Relationship between soil erodibility by concentrated flow and shear strength of a Haplic Acrisol with a cationic polyelectrolyte

Abstract

To clarify the relationship between rill erodibility in an excess shear stress model for concentrated flow erosion and soil particle–particle interactions, we examined the rill erodibility and aggregation-dispersion behavior of Shimajiri Maaji soil, classified as a Haplic Acrisol, with different amounts of cationic polyelectrolyte poly(diallyldimethylammonium chloride) (PDADMAC). The effect of particle–particle interaction on rill erodibility was determined by performing shear strength measurements and rill erosion experiments as a function of the PDADMAC dose without changing other soil conditions.
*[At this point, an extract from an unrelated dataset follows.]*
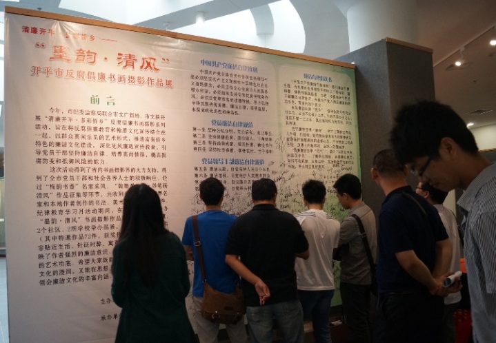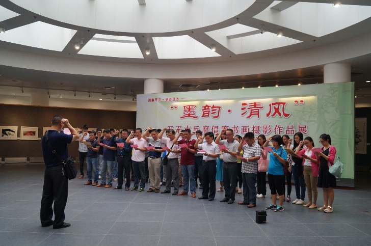 ·多彩侨乡”系列活动中的一项重要内容,把中华翰墨文化及反腐倡廉教育融合凝结在作品中,寓教于思。在一幅幅气势磅礴、震撼心灵的作品前,大家驻足良久,深刻领会书画作品中的廉洁精神。参观完毕,龙胜镇纪委书记梁润华同志带领全体党员干部宣读了廉洁自律倡议书,并在倡议书上签名承诺。

Moreover, the mechanisms of particle–particle interactions were examined by comparing the electrophoretic mobility (EPM) with the transmission of the supernatant of the soil suspension and soil shear strength. The EPM and transmission showed that the Derjaguin-Landau-Verwey-Overbeek (DLVO) interaction governed the aggregation-dispersion behavior. At the same time, the shear strength monotonically increased with increasing PDADMAC dose, even when charge reversal and electric double layer (EDL) repulsion occurred. This result suggests that the shear strength is sensitive not only to the EDL interaction but also to the interactions, the so-called non-DLVO forces, such as bridging interaction. The difference between transmission and shear strength should be due to the difference in the characteristic length because the transmission is attributed to the collision/approaching process between particles, whereas the shear strength is attributed to the broken/retracting process of particle–particle contact. Rill erodibility decreased with increasing shear strength. Furthermore, our quantitative analysis demonstrated that rill erodibility can be represented by a linear function of shear strength. These results clearly show that a high attractive force between soil particles results in low rill erodibility. The strong particle–particle attraction protects soil particles from peeling off by increasing the shear stress of the flowing water. Our study suggests that shear strength measurement can be used to quickly estimate the effect of soil conditioners on rill erodibility in the field.